[Collected data entries]
▬▬▬▬▬▬

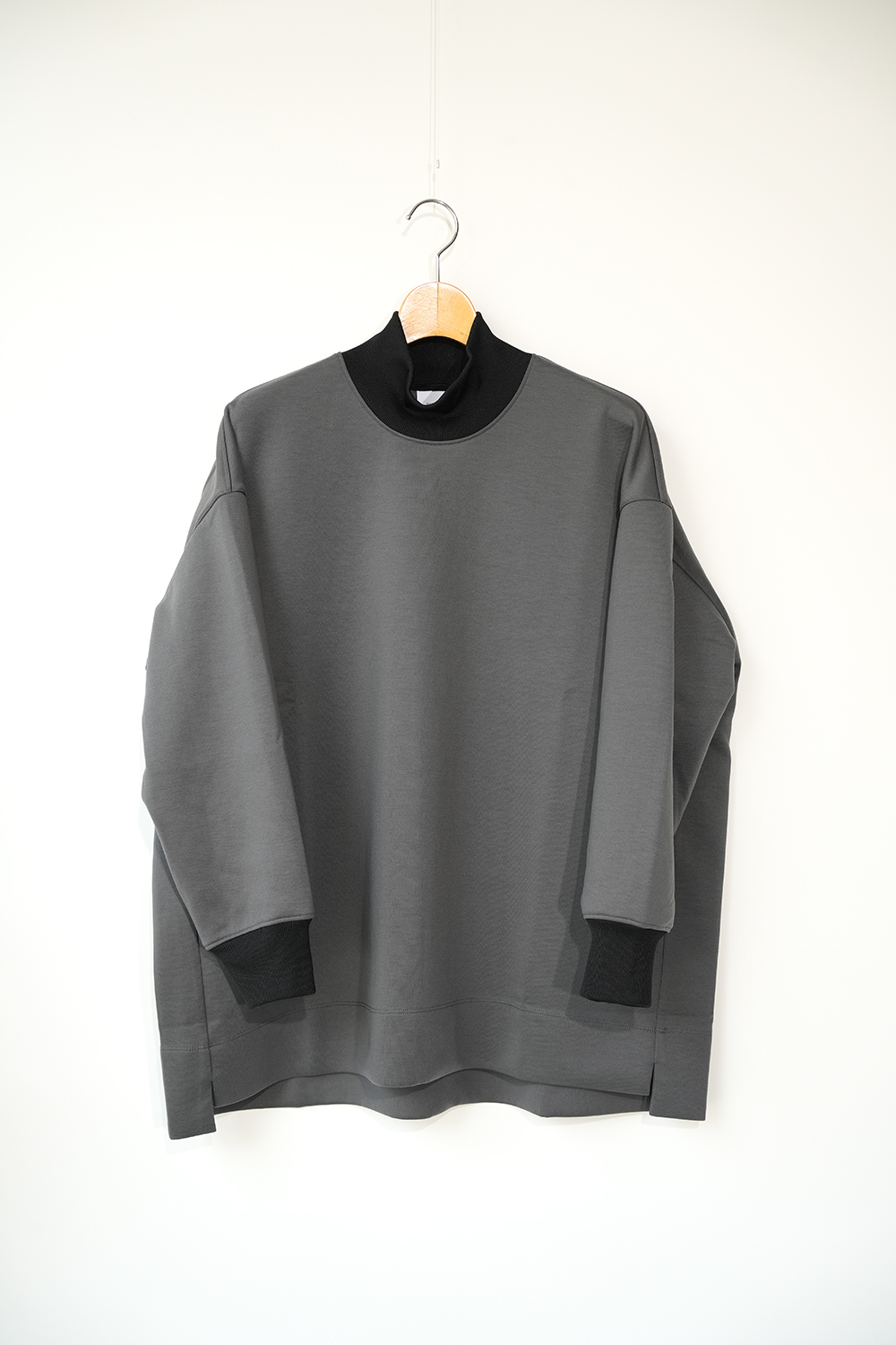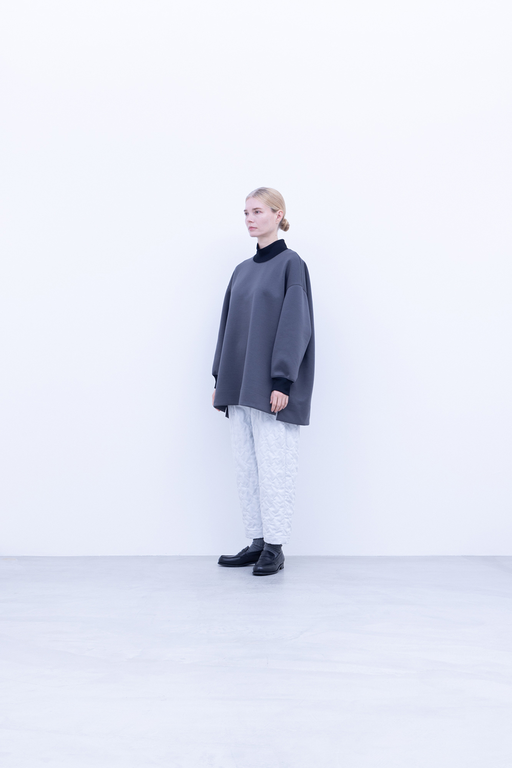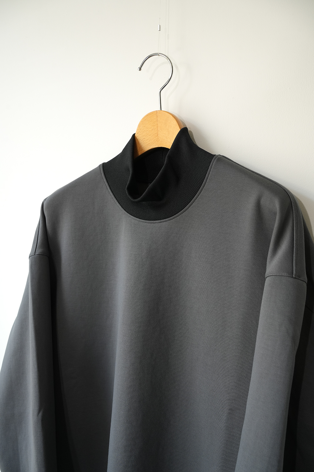 ポリエステル糸でしっかりと編んだ厚みがあり軽量・伸縮性抜群のダンボールニット。スウェットに近しい着方ができます。ポリウレタン糸を引き揃えている為適度な立体感を生むしっかりとした生地感です。オーバーサイズシルエット、襟・袖リブ仕様のタートルネック。製品洗い・タンブラー乾燥済み、ご家庭洗いできます。
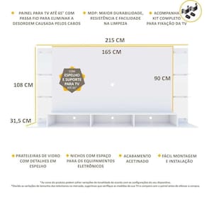 Prático e moderno para deixar sua sala de estar confortável para aproveitar o aconchego do seu lar. O Painel TV até 65 polegadas com suporte, espelho e prateleiras vidro Nairóbi Multimóveis é uma escolha inteligente e super em conta para deixar o seu ambiente bonito e organizado. Produzido em MDP com acabamento acetinado, que garante maior durabilidade, resistência e facilidade na limpeza, possui painel para TV de até 65 com espaçamento para a passagem dos fios, o que deixa um visual clean e os cabos organizados. Possui 4 prateleiras em vidro, com detalhes em espelho, que deixam o móvel mais requintado e 3 nichos para acomodar os equipamentos eletrônicos. Os espelhos são de vidro (o que evita que a imagem fique distorcida) e lapidados, ou seja, passam por um processo para que as bordas não fiquem cortantes, o que garante maior segurança. Para facilitar a sua vida, este produto acompanha também o kit para fixação da TV. Muito prático e de fácil instalação, pode ser utilizado para TVs LCD, LED e plasma de 14 a 71. Totalmente sobreposto, acompanha gabarito de montagem que auxilia na instalação. Conta com um sistema de encaixe rápido, possui 16mm de deslocamento que permite o ajuste do encaixe das peças.
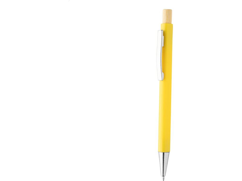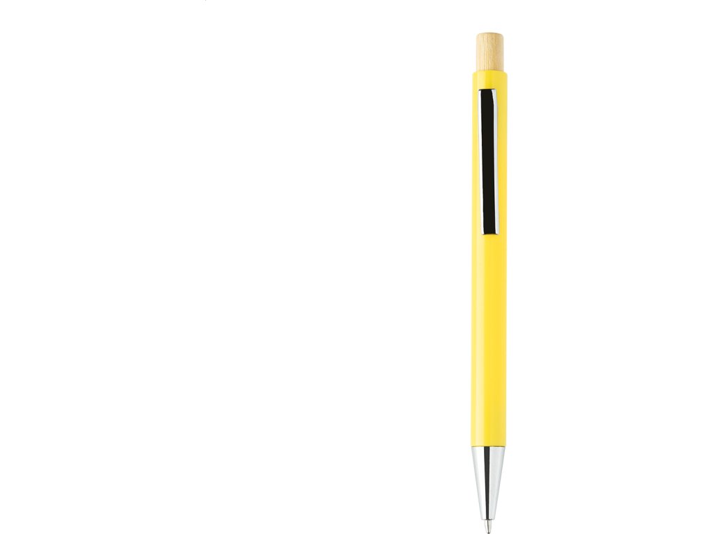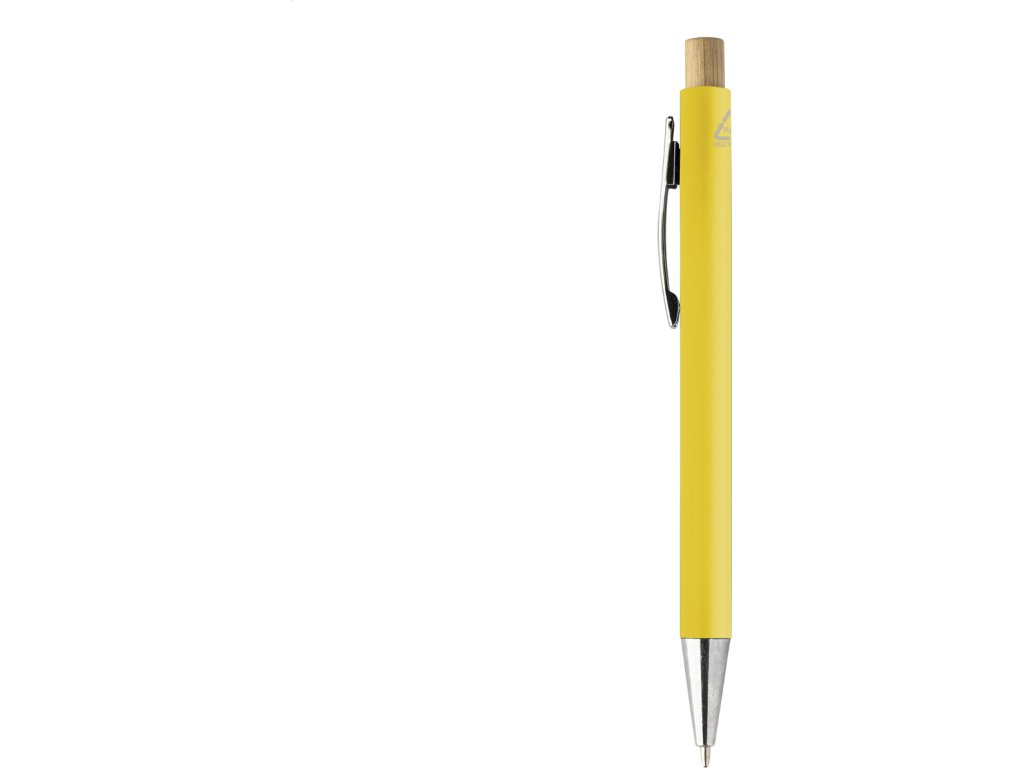 Kuličkové pero z recyklovaného ABS plastu s bambusovým tlačítkem a kovovým klipem. S modrou náplní.
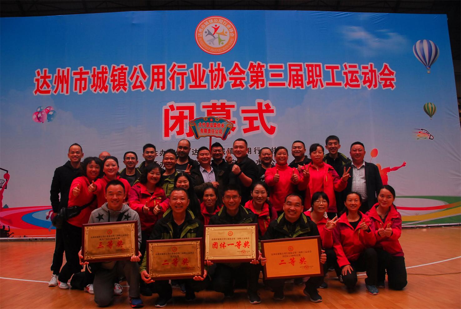泓霖供水公司蟬聯(lián)市公用行業(yè)協(xié)會(huì)第三屆職工運(yùn)動(dòng)會(huì)團(tuán)體一等獎(jiǎng)。11月16-17日,達(dá)州市城鎮(zhèn)公用行業(yè)協(xié)會(huì)第三屆職工運(yùn)動(dòng)會(huì)在宣漢縣隆重舉行。來(lái)自全市各區(qū)縣供排水、燃?xì)、石油、園林、市政等18家協(xié)會(huì)會(huì)員單位代表隊(duì)約300余名運(yùn)動(dòng)員參賽,圍繞拔河、4*100接力、兩人三足3個(gè)集體項(xiàng)目和羽毛球、乒乓球、象棋3個(gè)個(gè)人項(xiàng)目展開(kāi)激烈角逐,最終泓霖供水公司代表隊(duì)以總成績(jī)排名第一蟬聯(lián)團(tuán)體一等獎(jiǎng)。
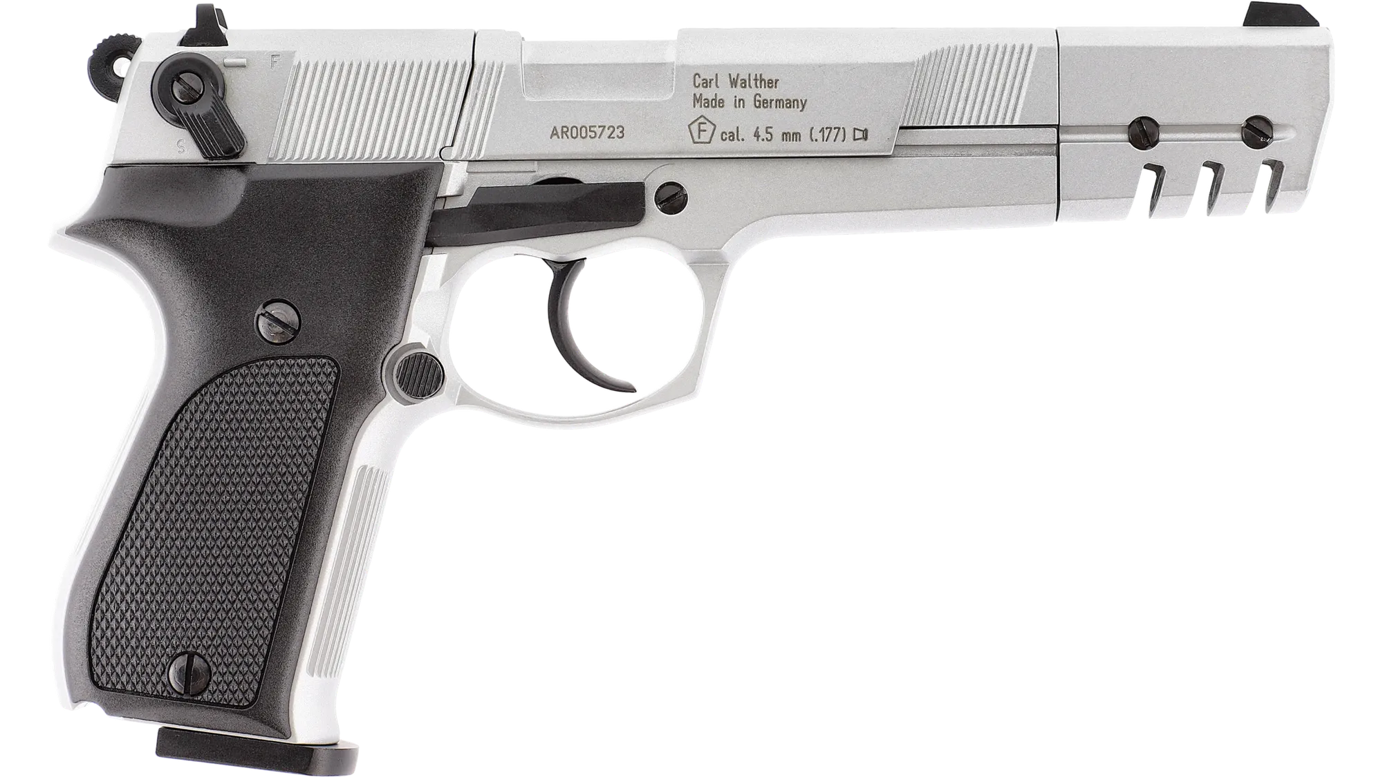 The classic Walther CP88 Competition Nickel model.
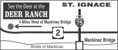 Welcome to the Deer Ranch in St. Ignace, Michigan, known as the oldest live whitetail exhibit in North America. We feature dozens of native Michigan Whitetail Deer and fawns including white deer all in a natural setting which you can photograph and feed while walking along a nature trail.
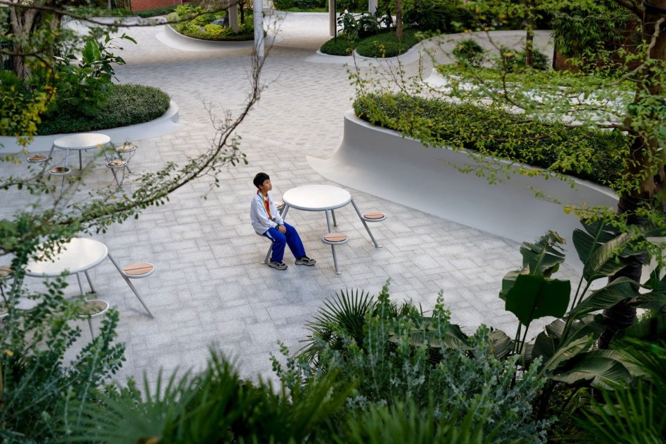 2025年暑期,改造延伸至校园中轴与多个建筑衔接区域。为那些在自然中学会观察、在协作中懂得沟通、在开放空间里激发创造力的个体,创造多元的户外教学与社交场景。景观,在此成为了教育哲学的载体。
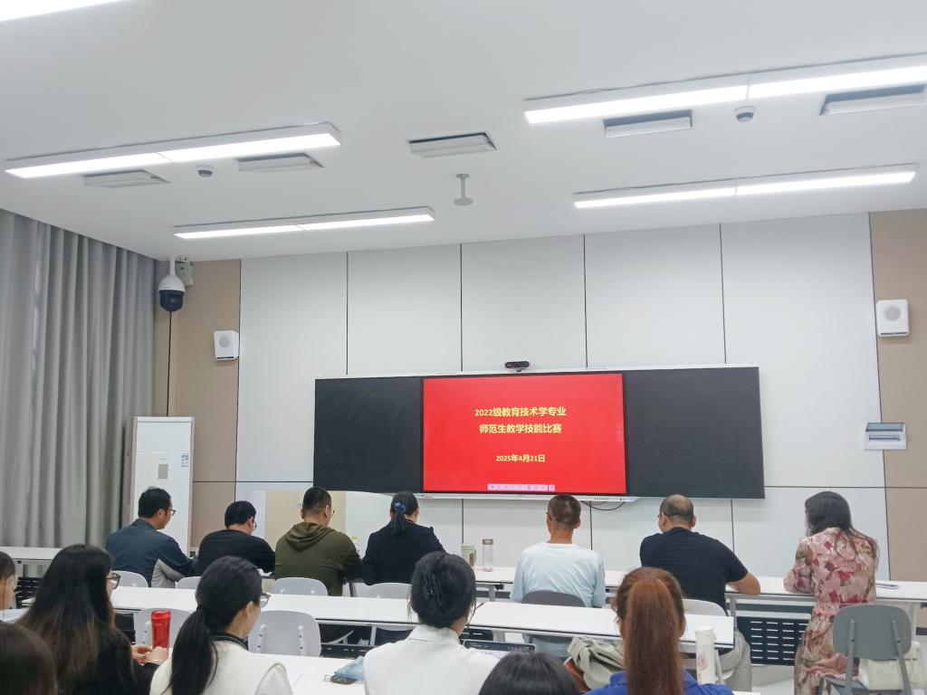 时间:2025-04-21 17:17:12 来源:太阳成集团tyc122cc 作者: 阅读: 次为检验师范生的教学技能和专业素养,提升教学设计、教学实施、教学评价等能力,促进师范生对教育技术学理论知识的理解和实践应用,提高运用现代教育技术解决实际教学问题的能力,2025年4月21日教育技术学系组织2022级教育技术学学专业师范生开展教学技能比赛,16位同学参加比赛。系主任崔宇路,以及刘萱、武滨、宋晔、刘琦、张立春、金云波老师参加比赛评审。
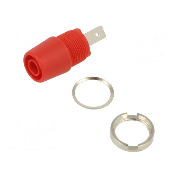 Gniazdo posiada izolowaną obudowę w kolorze czerwonym. Kontakt wykonano z mosiądzu z powłoką niklowaną, co zapewnia odpowiednie parametry połączeniowe.
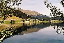 Lake Davos (German: Davosersee) is a small natural lake at Davos, Switzerland. Its surface area is 0.59 km² and the maximum depth is 54 m. Fed by sources of the Rhine, Flüelabach and Totalpbach, among other mountain creeks, the lake is used as a hydropower reservoir; its water no longer flows to the river Landwasser but is channeled into the river Landquart at Klosters.
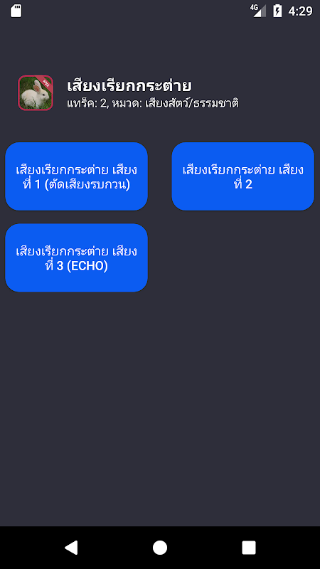 แอพเสียงขลุ่ยเรียกกระต่าย สำหรับเรียกกระต่ายเข้าบ้าน หรือล่า เป็นการจำลองเสียงเท่านั้น
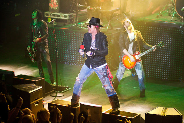 But much like the rock stardom excess that felled many of its contemporaries, Guns N’ Roses went for a little too much last night. At times, the show felt about as long as it took Rose to make Chinese Democracy. (That’s 15 years.) And while anyone thirsting for Guns n’ Roses would have been pleased with such a lengthy performance, it unfortunately flowed about as well as the Use Your Illusion double-album that stands as the last recording by the band’s old lineup. (Not well.)
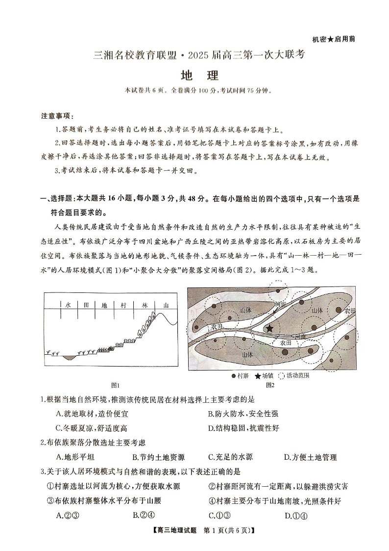 天壹名校联盟&三湘名校教育联盟2025届高三第一次联考+地理
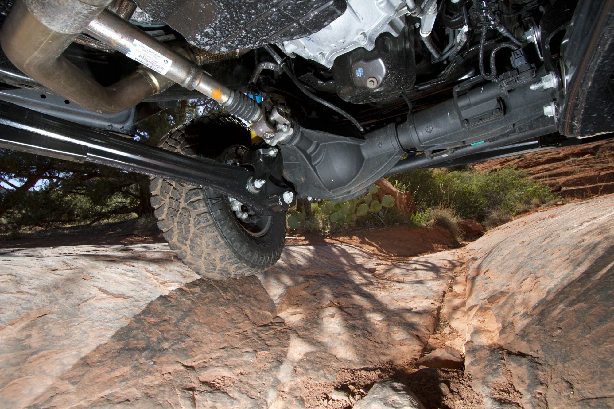 Something oft overlooked in a full-size truck is versatility—the ability to transition from being a rigid heavy hauler to flexible trail tamer. Although the Power Wagon’s 6.4-liter HEMI V-8 generates 410 horsepower and 429 lb-ft torque, enough to propel the truck over moderately sized dunes with ease, technical terrain requires the ability to keep all tires on terra firma and turning in unison. Its coil spring suspension consists of Ram’s Articulink front and a five-link rear configuration, and activating the electronically controlled sway bar disconnect allows the driver to take full advantage of 26 inches of available wheel travel. If a tire does lift, engaging the front and rear locking differentials, actuated by easy-to-reach buttons on the dash, will ensure steady progress. At each corner, Bilstein gas shocks, tuned specifically for the vehicle’s size and weight, manage damping. The suspension combination raises the vehicle about 2.5 inches over the standard Ram 2500, for a respectable 14.2 inches of running ground clearance (8.3 at the differentials).
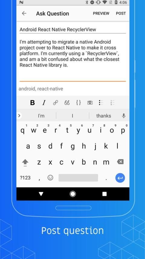- الحصول على إشعار الدفع عندما يجيب شخص ما أو تعليقات على سؤالك. أي شيء من شأنه أن يؤدي إلى رسالة البريد الوارد تجاوز المكدس سوف يؤدي إعلام التطبيق. كما هو الحال دائما، يمكنك بسهولة تحويل الإخطارات وإيقاف عبر الإعدادات.

▬▬▬▬▬▬

**PROBLEM REQUIREMENTS**
Once the pictures are dropped, repeat the data above exactly.

**RESULT FOR THIS EXERCISE**
 ポリエステル糸でしっかりと編んだ厚みがあり軽量・伸縮性抜群のダンボールニット。スウェットに近しい着方ができます。ポリウレタン糸を引き揃えている為適度な立体感を生むしっかりとした生地感です。オーバーサイズシルエット、襟・袖リブ仕様のタートルネック。製品洗い・タンブラー乾燥済み、ご家庭洗いできます。
 Prático e moderno para deixar sua sala de estar confortável para aproveitar o aconchego do seu lar. O Painel TV até 65 polegadas com suporte, espelho e prateleiras vidro Nairóbi Multimóveis é uma escolha inteligente e super em conta para deixar o seu ambiente bonito e organizado. Produzido em MDP com acabamento acetinado, que garante maior durabilidade, resistência e facilidade na limpeza, possui painel para TV de até 65 com espaçamento para a passagem dos fios, o que deixa um visual clean e os cabos organizados. Possui 4 prateleiras em vidro, com detalhes em espelho, que deixam o móvel mais requintado e 3 nichos para acomodar os equipamentos eletrônicos. Os espelhos são de vidro (o que evita que a imagem fique distorcida) e lapidados, ou seja, passam por um processo para que as bordas não fiquem cortantes, o que garante maior segurança. Para facilitar a sua vida, este produto acompanha também o kit para fixação da TV. Muito prático e de fácil instalação, pode ser utilizado para TVs LCD, LED e plasma de 14 a 71. Totalmente sobreposto, acompanha gabarito de montagem que auxilia na instalação. Conta com um sistema de encaixe rápido, possui 16mm de deslocamento que permite o ajuste do encaixe das peças.
 Kuličkové pero z recyklovaného ABS plastu s bambusovým tlačítkem a kovovým klipem. S modrou náplní.
泓霖供水公司蟬聯(lián)市公用行業(yè)協(xié)會(huì)第三屆職工運(yùn)動(dòng)會(huì)團(tuán)體一等獎(jiǎng)。11月16-17日,達(dá)州市城鎮(zhèn)公用行業(yè)協(xié)會(huì)第三屆職工運(yùn)動(dòng)會(huì)在宣漢縣隆重舉行。來(lái)自全市各區(qū)縣供排水、燃?xì)、石油、園林、市政等18家協(xié)會(huì)會(huì)員單位代表隊(duì)約300余名運(yùn)動(dòng)員參賽,圍繞拔河、4*100接力、兩人三足3個(gè)集體項(xiàng)目和羽毛球、乒乓球、象棋3個(gè)個(gè)人項(xiàng)目展開(kāi)激烈角逐,最終泓霖供水公司代表隊(duì)以總成績(jī)排名第一蟬聯(lián)團(tuán)體一等獎(jiǎng)。
 The classic Walther CP88 Competition Nickel model.
 Welcome to the Deer Ranch in St. Ignace, Michigan, known as the oldest live whitetail exhibit in North America. We feature dozens of native Michigan Whitetail Deer and fawns including white deer all in a natural setting which you can photograph and feed while walking along a nature trail.
 2025年暑期,改造延伸至校园中轴与多个建筑衔接区域。为那些在自然中学会观察、在协作中懂得沟通、在开放空间里激发创造力的个体,创造多元的户外教学与社交场景。景观,在此成为了教育哲学的载体。
 时间:2025-04-21 17:17:12 来源:太阳成集团tyc122cc 作者: 阅读: 次为检验师范生的教学技能和专业素养,提升教学设计、教学实施、教学评价等能力,促进师范生对教育技术学理论知识的理解和实践应用,提高运用现代教育技术解决实际教学问题的能力,2025年4月21日教育技术学系组织2022级教育技术学学专业师范生开展教学技能比赛,16位同学参加比赛。系主任崔宇路,以及刘萱、武滨、宋晔、刘琦、张立春、金云波老师参加比赛评审。
 Gniazdo posiada izolowaną obudowę w kolorze czerwonym. Kontakt wykonano z mosiądzu z powłoką niklowaną, co zapewnia odpowiednie parametry połączeniowe.
 Lake Davos (German: Davosersee) is a small natural lake at Davos, Switzerland. Its surface area is 0.59 km² and the maximum depth is 54 m. Fed by sources of the Rhine, Flüelabach and Totalpbach, among other mountain creeks, the lake is used as a hydropower reservoir; its water no longer flows to the river Landwasser but is channeled into the river Landquart at Klosters.
 แอพเสียงขลุ่ยเรียกกระต่าย สำหรับเรียกกระต่ายเข้าบ้าน หรือล่า เป็นการจำลองเสียงเท่านั้น
 But much like the rock stardom excess that felled many of its contemporaries, Guns N’ Roses went for a little too much last night. At times, the show felt about as long as it took Rose to make Chinese Democracy. (That’s 15 years.) And while anyone thirsting for Guns n’ Roses would have been pleased with such a lengthy performance, it unfortunately flowed about as well as the Use Your Illusion double-album that stands as the last recording by the band’s old lineup. (Not well.)
 天壹名校联盟&三湘名校教育联盟2025届高三第一次联考+地理
 Something oft overlooked in a full-size truck is versatility—the ability to transition from being a rigid heavy hauler to flexible trail tamer. Although the Power Wagon’s 6.4-liter HEMI V-8 generates 410 horsepower and 429 lb-ft torque, enough to propel the truck over moderately sized dunes with ease, technical terrain requires the ability to keep all tires on terra firma and turning in unison. Its coil spring suspension consists of Ram’s Articulink front and a five-link rear configuration, and activating the electronically controlled sway bar disconnect allows the driver to take full advantage of 26 inches of available wheel travel. If a tire does lift, engaging the front and rear locking differentials, actuated by easy-to-reach buttons on the dash, will ensure steady progress. At each corner, Bilstein gas shocks, tuned specifically for the vehicle’s size and weight, manage damping. The suspension combination raises the vehicle about 2.5 inches over the standard Ram 2500, for a respectable 14.2 inches of running ground clearance (8.3 at the differentials).
- الحصول على إشعار الدفع عندما يجيب شخص ما أو تعليقات على سؤالك. أي شيء من شأنه أن يؤدي إلى رسالة البريد الوارد تجاوز المكدس سوف يؤدي إعلام التطبيق. كما هو الحال دائما، يمكنك بسهولة تحويل الإخطارات وإيقاف عبر الإعدادات.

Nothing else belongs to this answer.